Exercise details
In the records below, the line with "Dabei ließe sich" opens the range and the line with "The DJI Ronin-S Top" closes it; print that range exactly and nothing else.

Input records
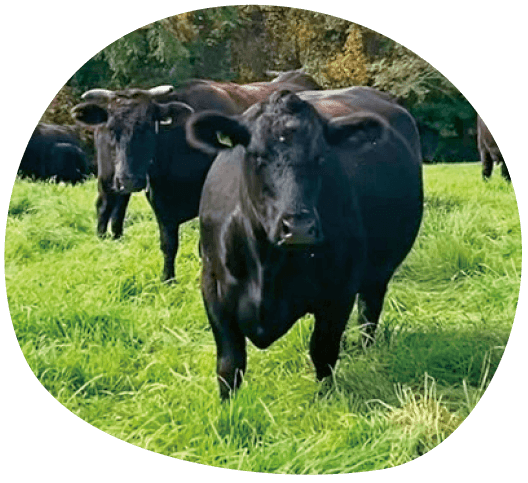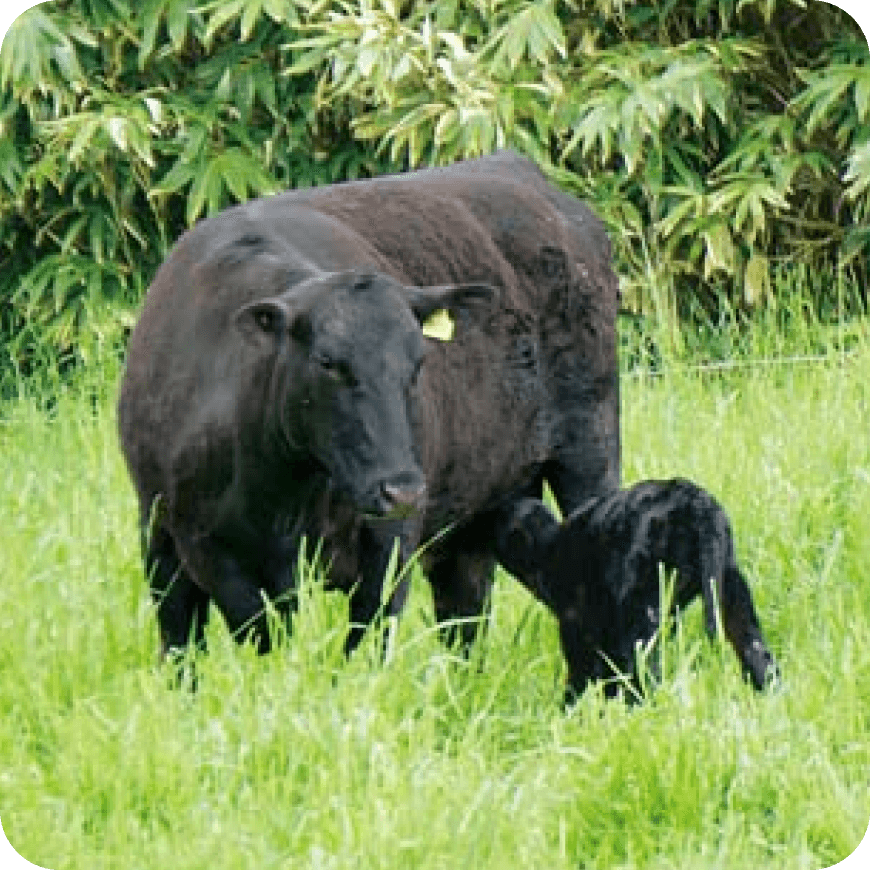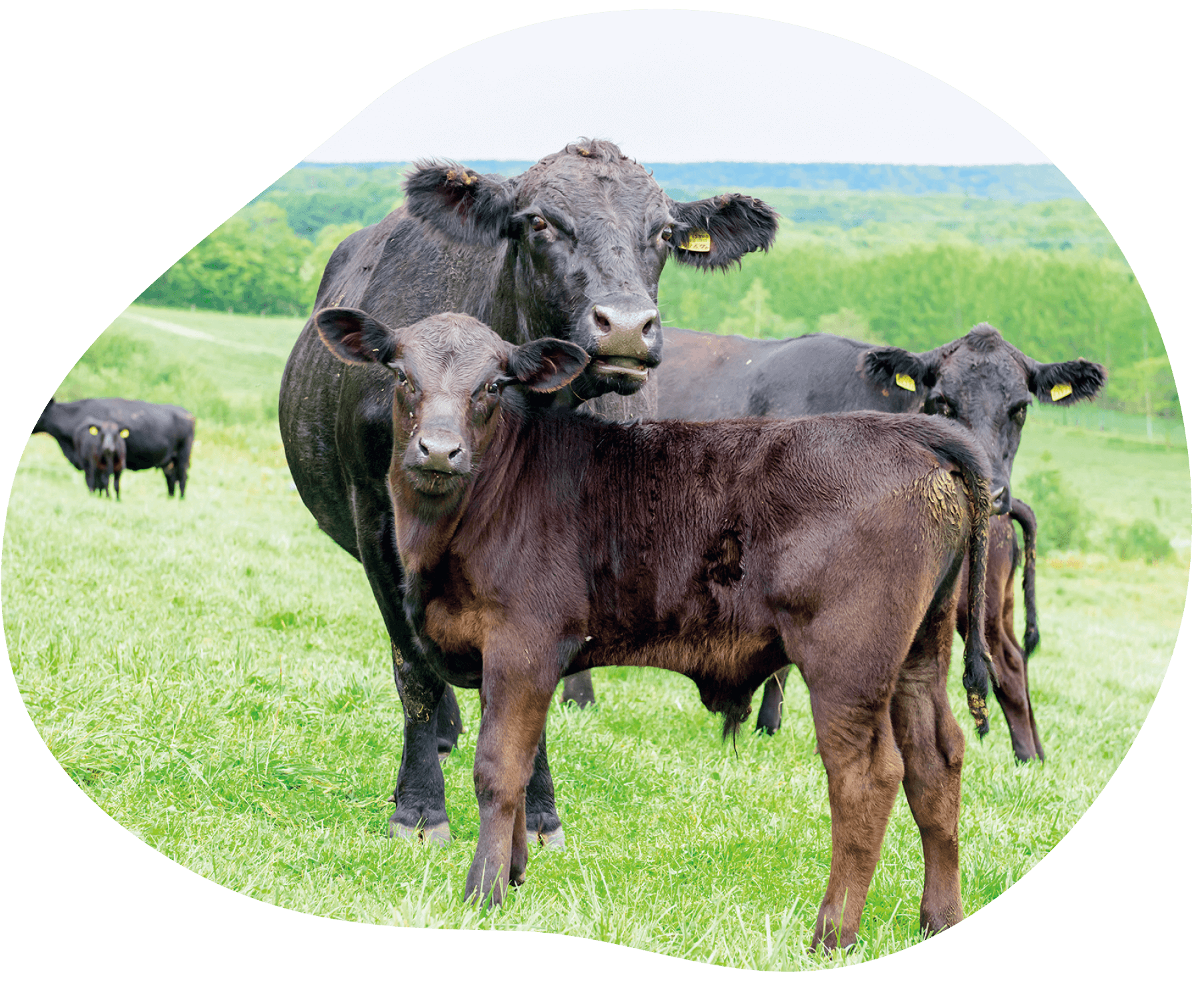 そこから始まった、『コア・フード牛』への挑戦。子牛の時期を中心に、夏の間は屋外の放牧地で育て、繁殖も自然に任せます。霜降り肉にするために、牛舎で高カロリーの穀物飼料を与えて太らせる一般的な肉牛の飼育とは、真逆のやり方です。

---

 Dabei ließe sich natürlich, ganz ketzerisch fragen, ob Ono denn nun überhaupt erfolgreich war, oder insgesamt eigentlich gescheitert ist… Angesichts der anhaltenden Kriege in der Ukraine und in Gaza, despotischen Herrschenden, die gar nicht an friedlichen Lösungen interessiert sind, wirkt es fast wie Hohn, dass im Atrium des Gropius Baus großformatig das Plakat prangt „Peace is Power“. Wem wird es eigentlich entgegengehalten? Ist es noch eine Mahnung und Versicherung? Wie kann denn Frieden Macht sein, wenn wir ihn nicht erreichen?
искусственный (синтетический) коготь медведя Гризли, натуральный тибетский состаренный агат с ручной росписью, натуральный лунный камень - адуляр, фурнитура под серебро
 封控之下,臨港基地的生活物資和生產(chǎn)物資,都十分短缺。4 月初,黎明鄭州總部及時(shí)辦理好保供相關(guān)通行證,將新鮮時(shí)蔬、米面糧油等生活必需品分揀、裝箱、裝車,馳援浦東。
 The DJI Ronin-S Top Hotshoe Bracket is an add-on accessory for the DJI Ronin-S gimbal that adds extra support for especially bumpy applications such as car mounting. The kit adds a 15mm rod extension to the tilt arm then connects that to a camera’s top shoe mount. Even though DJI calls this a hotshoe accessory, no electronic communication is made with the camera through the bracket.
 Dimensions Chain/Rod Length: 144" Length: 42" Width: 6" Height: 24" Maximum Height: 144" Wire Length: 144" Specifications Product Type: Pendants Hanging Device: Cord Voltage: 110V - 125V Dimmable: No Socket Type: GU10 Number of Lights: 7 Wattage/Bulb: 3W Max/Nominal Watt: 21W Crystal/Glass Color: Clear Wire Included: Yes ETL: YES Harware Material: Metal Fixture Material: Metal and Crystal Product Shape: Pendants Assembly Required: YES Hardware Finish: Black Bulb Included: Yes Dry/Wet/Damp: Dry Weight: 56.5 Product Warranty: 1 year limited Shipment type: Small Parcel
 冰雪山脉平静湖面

Exercise result
 Dabei ließe sich natürlich, ganz ketzerisch fragen, ob Ono denn nun überhaupt erfolgreich war, oder insgesamt eigentlich gescheitert ist… Angesichts der anhaltenden Kriege in der Ukraine und in Gaza, despotischen Herrschenden, die gar nicht an friedlichen Lösungen interessiert sind, wirkt es fast wie Hohn, dass im Atrium des Gropius Baus großformatig das Plakat prangt „Peace is Power“. Wem wird es eigentlich entgegengehalten? Ist es noch eine Mahnung und Versicherung? Wie kann denn Frieden Macht sein, wenn wir ihn nicht erreichen?
искусственный (синтетический) коготь медведя Гризли, натуральный тибетский состаренный агат с ручной росписью, натуральный лунный камень - адуляр, фурнитура под серебро
 封控之下,臨港基地的生活物資和生產(chǎn)物資,都十分短缺。4 月初,黎明鄭州總部及時(shí)辦理好保供相關(guān)通行證,將新鮮時(shí)蔬、米面糧油等生活必需品分揀、裝箱、裝車,馳援浦東。
 The DJI Ronin-S Top Hotshoe Bracket is an add-on accessory for the DJI Ronin-S gimbal that adds extra support for especially bumpy applications such as car mounting. The kit adds a 15mm rod extension to the tilt arm then connects that to a camera’s top shoe mount. Even though DJI calls this a hotshoe accessory, no electronic communication is made with the camera through the bracket.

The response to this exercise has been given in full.